In the summer of 2009, on a highway in Peru known as Devil’s Curve: everything went wrong. For months, indigenous groups had protested new laws by then President Alan Garcia opening up the Amazon to deregulated logging, fossil fuels, and other extractive industries as a part of free trade agreements with the U.S. But the protests came to a bloody head on June 5th when police clashed with activists, leaving at least 32 dead and 200 injured. Now—five years later—53 indigenous activists are on trial for the massacre, including many facing life in prison.
Among those on trial are Alberto Pizango, the president of indigenous rights NGO, Interethnic Association for the Development of the Peruvian Rainforest (AIDESEP).
“If the case should move forward with charges that carry in some cases a life sentence, the future of Peru will hang in the balance,” said Pizango’s lawyer Marco Barreto after today’s oral arguments. “Are we a democracy that protects all of its citizens under the law? Are we to return to the days of the Spanish colonizers, serving up our precious resources to benefit only those who have power and wealth, while destroying our environment and the culture of the peoples that help define our nation?”
Aerial view of Peruvian Amazon. Photo by: Rhett A. Butler.
Six other indigenous leaders are also on trial. With 53 activists, many of them well-known and facing between 35 years to life in prison,
the trial has been dubbed the biggest in Peruvian history. Some of those charged were faraway in their local communities at the time of the massacre.

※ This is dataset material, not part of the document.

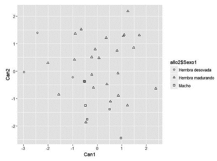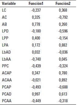 La trasformación alométrica permitió eliminar el efecto del tamaño de los animales para la realización del análisis discriminante canónico. Los coeficientes de correlación de Pearson entre las variables transformadas y la longitud estándar fueron no significativos (p > 0,05). Por su parte, el análisis de varianza multivariado (MANOVA) para las variables transformadas indicó que las tres categorías reproductivas (hembra en maduración, hembras desovadas y machos) no diferían en su vector de medias (Prueba de Lambda Wilks p > 0,9441). De manera similar, las funciones discriminantes canónicas obtenidas no permitieron una diferenciación clara entre las tres categorías reproductivas (Tabla 2; Figura 2). Sin embargo, se observó que las hembras desovadas presentaron valores negativos para la función 1, la cual tiene una alta carga factorial para la profundidad corporal en aleta dorsal (PCAD); es decir, que las hembras desovadas tienen menor profundidad corporal que las que están en maduración.

The violence that day, which occurred just outside the oil-town of Bagua, followed a state of emergency proclaimed by the government in early May. In response, indigenous activists set up blockades on several roads including Devil’s Curve. When police attempted to tear down the blockade, violence ensued ending with 22 dead police officers and 10 civilians. But some have disputed those numbers, claiming police burned and hid bodies of protesters.
Weeks after the bloody melee, the country’s congress threw out the two controversial decree that set off the protests.

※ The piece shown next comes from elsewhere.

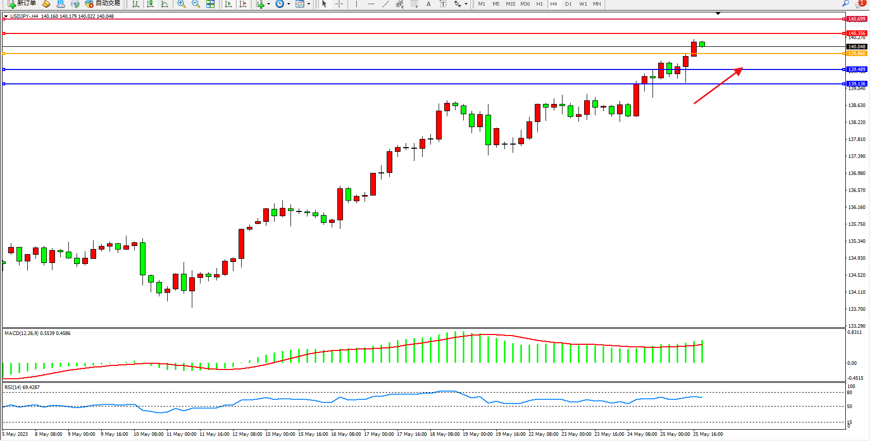 阻力位:140.356  140.699

“It is tragically ironic that the hosts of a major climate summit are criminalizing people who tried to save the Amazon from destruction,” said Andrew Simms of Global Witness, referring to Peru hosting the United Nations Climate Change Conference in December. In fact, Pizango recently met with government officials about the role of indigenous people at the summit.
“Tropical forests are a key line of defense against global warming, and are worth more in every sense standing than they are cut down,” Simms added. “People who put themselves on the line to prevent deforestation should certainly not be stripped of their rights, their land and thrown in jail.”